WHAT THIS TASK INVOLVES:
Everything in the listing below should be repeated verbatim, apart from the pictures.

(INPUT DATA)

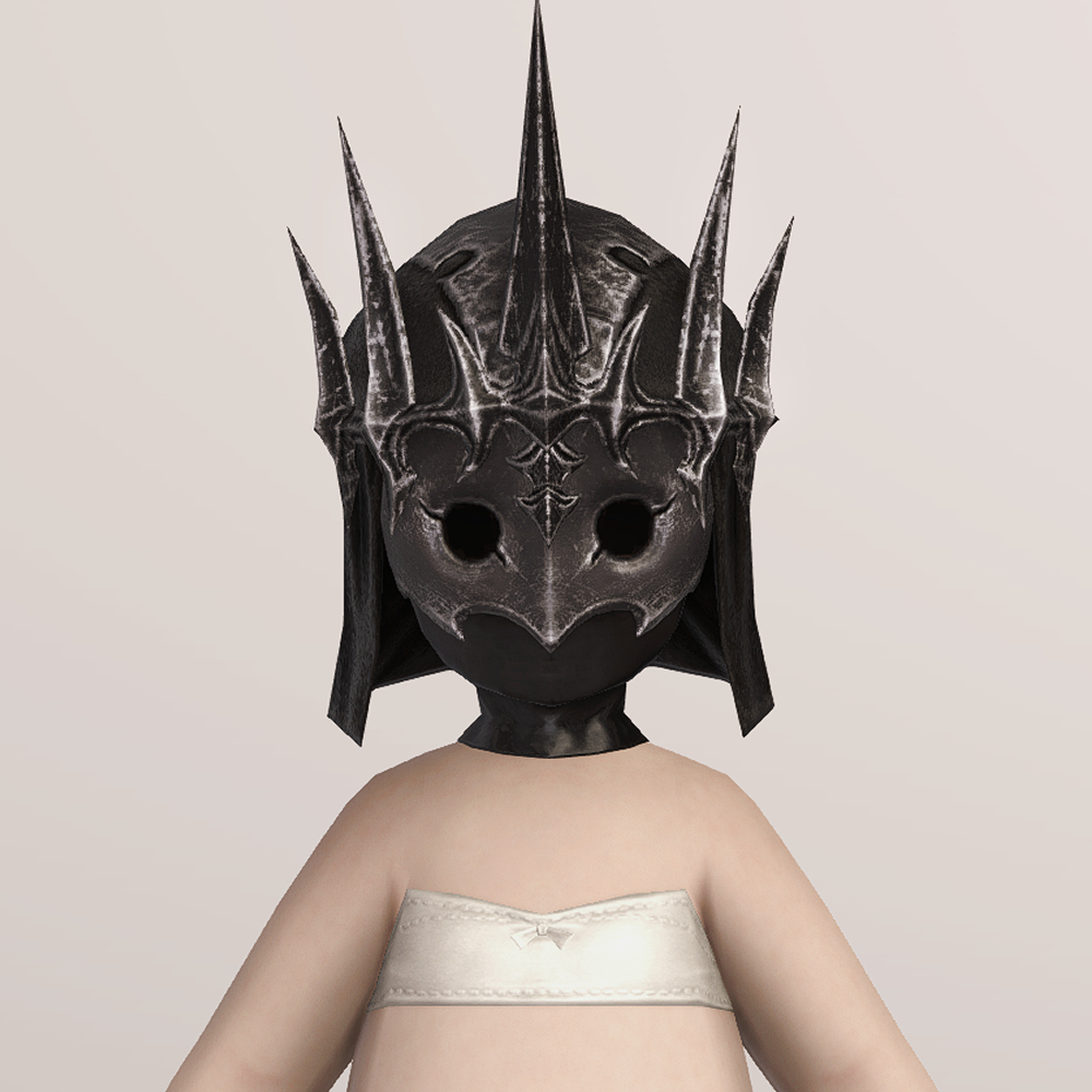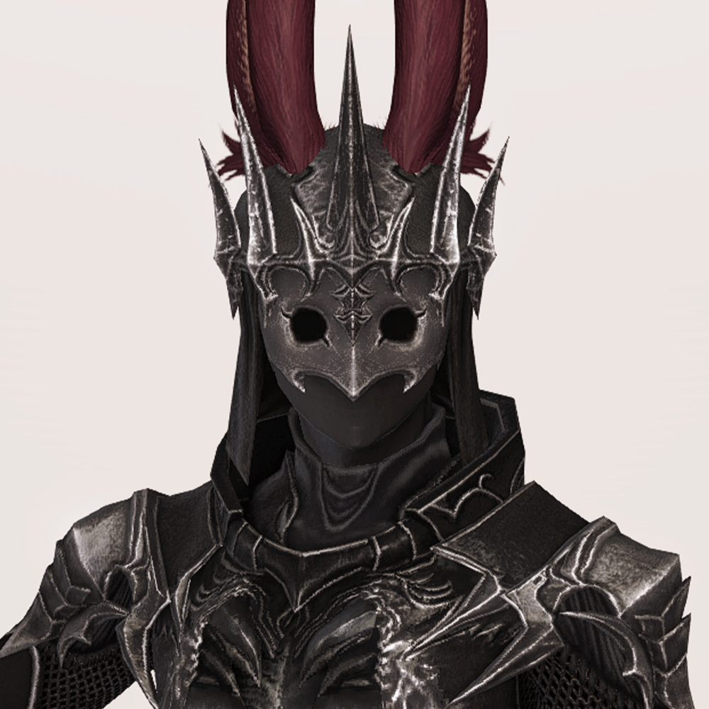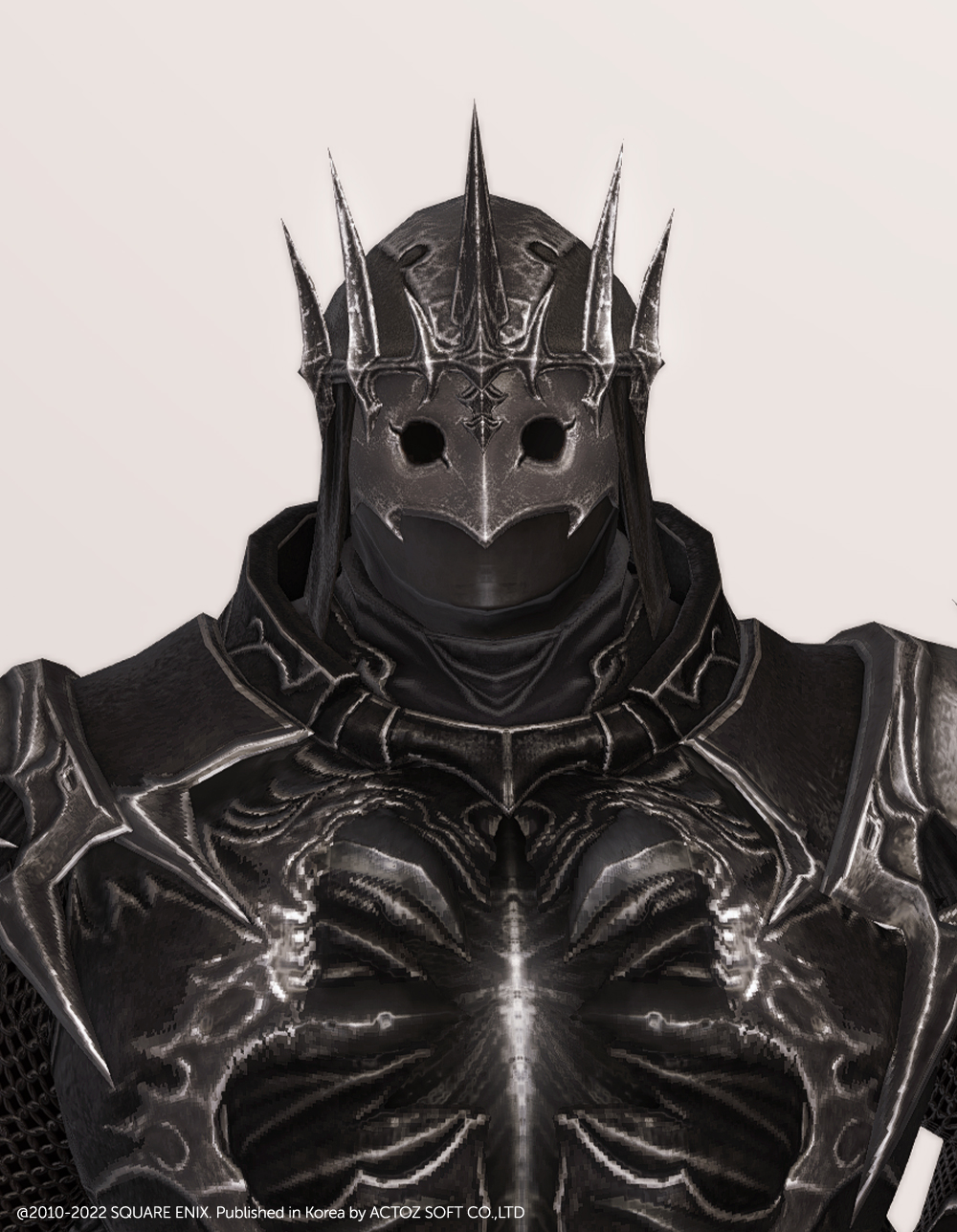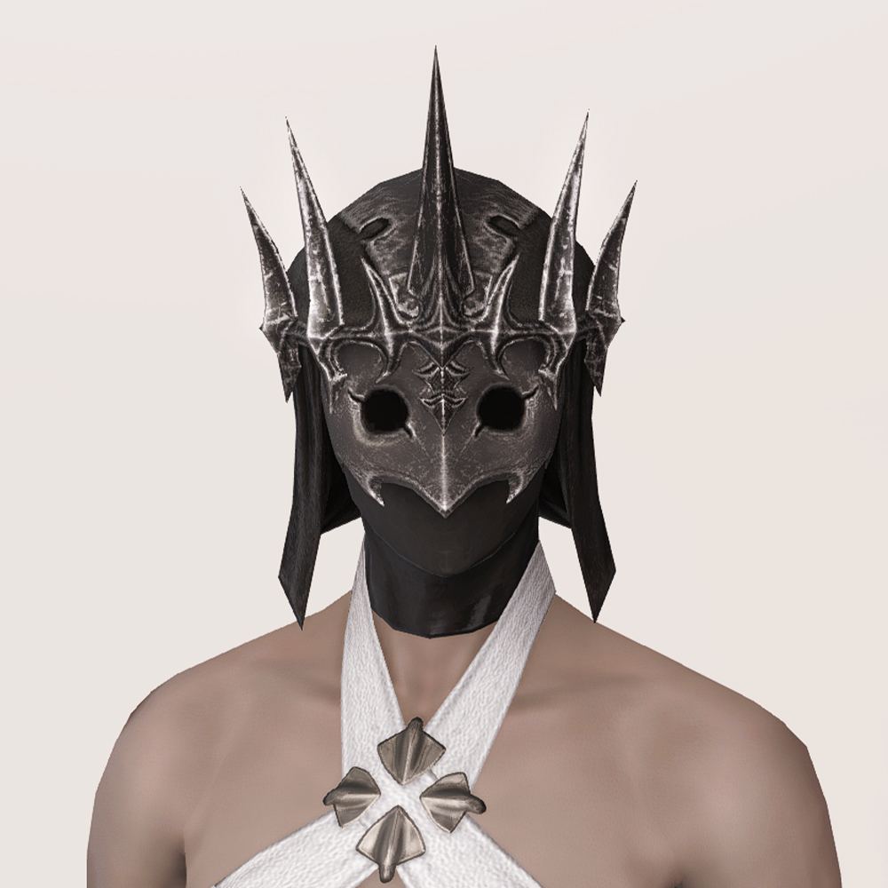 머리카락 길이에 상관없이, 머리 전체를 완벽하게 가릴 수 있는 베일입니다. 머리 위에 솟아있는 날카로운 금속 장식은 마치 왕관처럼 보입니다. 전체적으로 조물원 수호자 가면과 유사하지만 천 길이가 짧고, 얼굴을 천이 아닌 가면과 복면으로 덮었다는 차이가 있지만 동일하게 현재 모험가가 어떤 표정을 짓고 있는지 전혀 알아볼 수 없다는 점이 좋습니다. 머리의 장식과 가면의 눈구멍이 공허해 묘하게 할로우 나이트의 창백의 왕이 떠오릅니다.
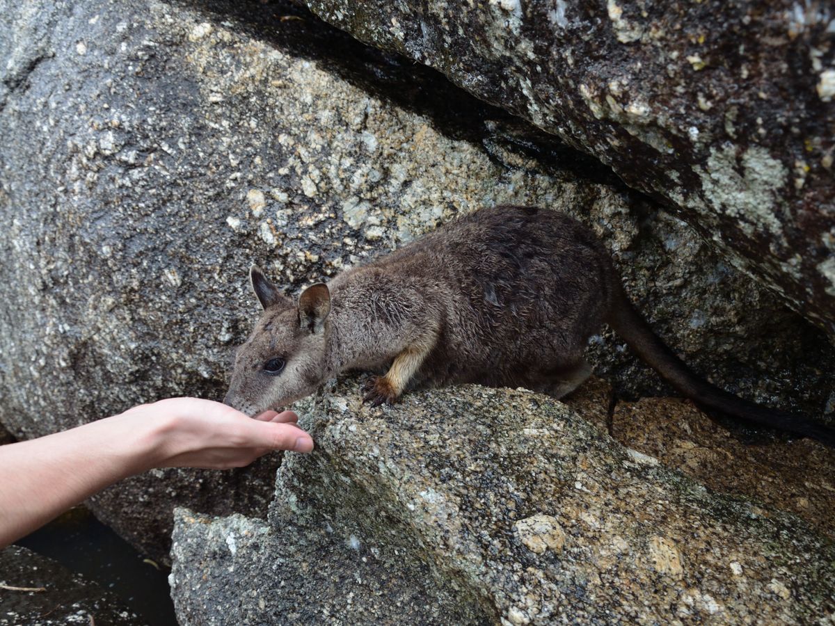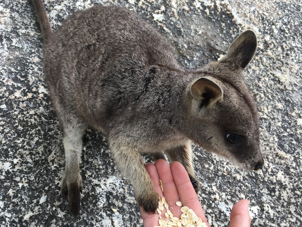 雨季で、前日までの豪雨の関係でバスがぬかるみにはまってしまったり、カモノハシは小雨の中、茶色い川を流れて行きました。天候の関係もあり大変なこともありましたがスタッフの機転も利いていて全体的に楽しませていただけたツアーでした。ドライブしながら、野生の動物を見たり、ロックワラビーに餌付けしたり、念願のカモノハシやカンガルーが見られたり、とても幸せな時間でした。ロックワラビーは手から餌を食べてくれたり、腕やひざに手をかけておねだりしてきたり、とてもかわいらしかったです。カモノハシが見てみたいというのがオーストラリアを訪れた主な理由のひとつであったため、2匹も見られてよかったです。次は天気のいい日にまた参加できればと思っています。
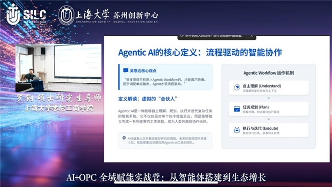 在当下科技飞速发展的时代,AI+OPC领域正成为推动企业创新与增长的关键力量。此次实战营紧扣时代脉搏,围绕2026年AI+OPC领域的核心议题精心布局课程内容。上海大学悉尼工商学院信息管理系硕士研究生导师罗钢深入浅出地为学员解读行业的最新趋势,让学员们清晰洞察未来发展方向;详细剖析政策红利,助力企业把握发展机遇;精准分析市场机遇,为企业在竞争激烈的市场中找准定位。面对Agentic AI智能体复杂的逻辑架构,罗钢导师抽丝剥茧,进行深度剖析。同时,结合丰富的OPC实际案例,将OPC全场景落地的技巧一一拆解,让抽象的理论变得鲜活易懂,使学员们能够快速掌握关键要点。
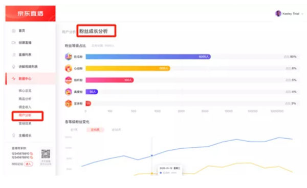直播将粉丝热爱值,通过数值、等级、徽章、互动面板形式呈现在直播间,一方面通过生动可视化的呈现,衡量和表达热爱程度;另一方面,达人和商家可通过不同的粉丝等级设置不同的权益,实现用户关系跃迁,粉丝价值放大。

(End INPUT DATA)

SOLUTION BELOW:
 머리카락 길이에 상관없이, 머리 전체를 완벽하게 가릴 수 있는 베일입니다. 머리 위에 솟아있는 날카로운 금속 장식은 마치 왕관처럼 보입니다. 전체적으로 조물원 수호자 가면과 유사하지만 천 길이가 짧고, 얼굴을 천이 아닌 가면과 복면으로 덮었다는 차이가 있지만 동일하게 현재 모험가가 어떤 표정을 짓고 있는지 전혀 알아볼 수 없다는 점이 좋습니다. 머리의 장식과 가면의 눈구멍이 공허해 묘하게 할로우 나이트의 창백의 왕이 떠오릅니다.
 雨季で、前日までの豪雨の関係でバスがぬかるみにはまってしまったり、カモノハシは小雨の中、茶色い川を流れて行きました。天候の関係もあり大変なこともありましたがスタッフの機転も利いていて全体的に楽しませていただけたツアーでした。ドライブしながら、野生の動物を見たり、ロックワラビーに餌付けしたり、念願のカモノハシやカンガルーが見られたり、とても幸せな時間でした。ロックワラビーは手から餌を食べてくれたり、腕やひざに手をかけておねだりしてきたり、とてもかわいらしかったです。カモノハシが見てみたいというのがオーストラリアを訪れた主な理由のひとつであったため、2匹も見られてよかったです。次は天気のいい日にまた参加できればと思っています。
 在当下科技飞速发展的时代,AI+OPC领域正成为推动企业创新与增长的关键力量。此次实战营紧扣时代脉搏,围绕2026年AI+OPC领域的核心议题精心布局课程内容。上海大学悉尼工商学院信息管理系硕士研究生导师罗钢深入浅出地为学员解读行业的最新趋势,让学员们清晰洞察未来发展方向;详细剖析政策红利,助力企业把握发展机遇;精准分析市场机遇,为企业在竞争激烈的市场中找准定位。面对Agentic AI智能体复杂的逻辑架构,罗钢导师抽丝剥茧,进行深度剖析。同时,结合丰富的OPC实际案例,将OPC全场景落地的技巧一一拆解,让抽象的理论变得鲜活易懂,使学员们能够快速掌握关键要点。
直播将粉丝热爱值,通过数值、等级、徽章、互动面板形式呈现在直播间,一方面通过生动可视化的呈现,衡量和表达热爱程度;另一方面,达人和商家可通过不同的粉丝等级设置不同的权益,实现用户关系跃迁,粉丝价值放大。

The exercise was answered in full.